Where would I start from programming my own quadcopter firmware

Hi there,
So I've flown a lot of Quadcopters recently and I love robotics. So I came up with the idea developing my own quadcopter from scratch. Coding the whole firmware on my own.

Later on I want to use the drone with Sensors to avoid collision and use Computer Vision on it, and maybe a Flow Sensor.
The thing is the Drone will be 130mm in diameter.

The board I picked for the Project is the ESP32 from Espressif.

I found a lot of materials about that topic but none of the one I've found covered the topic how to actually program a drone. The IMU programming the PID tuning and all the other stuff.
Most of the suggestions were just to use existing code and apply it to my project. But thats not the thing I want to do.

What would be good resources to learn quadcopter Programming and how the IMU of a quadcopter works and stuff?
Which books or courses would be useful?

Sincerly,
Daniel

Hi,
Have you programmed a controller?

Can you tell us your electronics, programming, arduino, hardware experience?

Thanks.. Tom.. :slight_smile:

Study other people's code in order to understand what they did and why. For any given topic, like PID control and IMU orientation calculations, there are on line tutorials.

Once you do understand the groundwork and implementations, you will be in a great position to write your own. Plan on months (full time) to years (part time) of effort.

Maybe start by defining the problem? What exactly is the desired behavior of your firmware? What sort of input will it take?

One of the simplest would be to take target pitch/yaw/roll rates and total combined propeller speed (throttle). That translates fairly directly into speed commands for the four propellers.

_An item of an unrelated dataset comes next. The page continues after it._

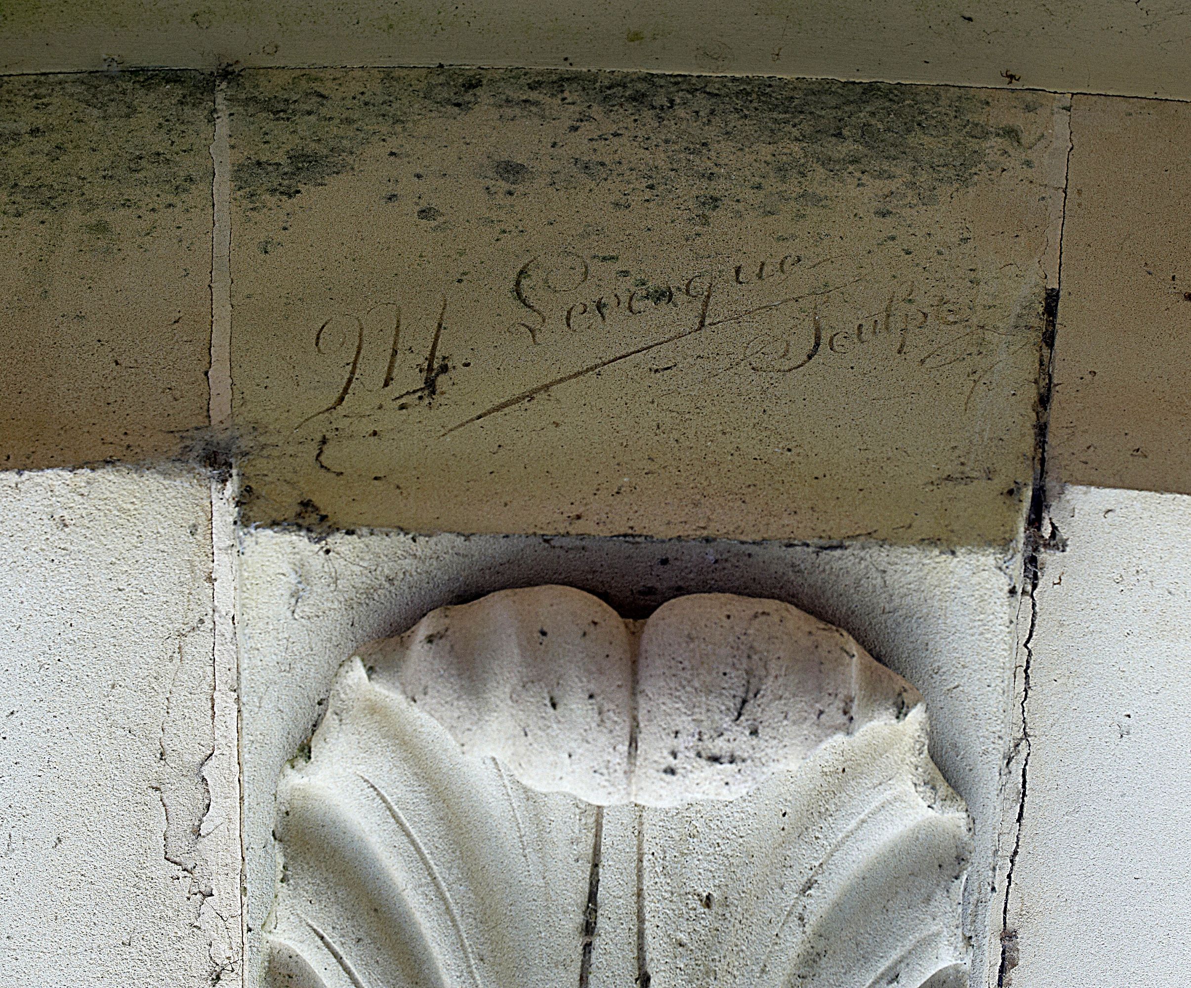 Porche d'entrée : inscription portée sur le claveau feuillagé : "M Levesque Sculpt"Immatriculation

Slightly more complicated would be to specify a target pitch and roll angle, yaw rate, and total combined propeller speed. Then you PID the pitch and roll rates using the target angles and IMU data.

Slightly more complicated than that would be to specify target acceleration in each direction and use a bit of trigonometry to figure out the necessary pitch/roll angles and throttle. You'll need to decide whether the target accelerations are relative to the current heading (forward/back/left/right) or north/south/east/west.

A level up from that would be a system where the AI tries to maintain a fixed position in 3D space until commands are given, and the commands would be something like target forward/back speed, left/right speed, up/down speed, and either yaw rate or compass heading or automatically point in the direction it's moving. This gets tricky because the IMU can only sense acceleration, not speed. GPS would be one way to measure horizontal speed, and altimeter for vertical. For this you need to PID the target acceleration in each direction to maintain the target speed. But I don't think GPS or altimeter will be all that precise, so it may take more than simple PID tuning to get good behavior out of it.

A level up from that would be to specify a target position in 3D space (and maybe time of arrival) and have it figure out how to get there on its own.

You could potentially build the system up in layers so each mode gives commands to the next lower level mode. But it might be easier to just choose one and send speed commands to the ESC's directly from there.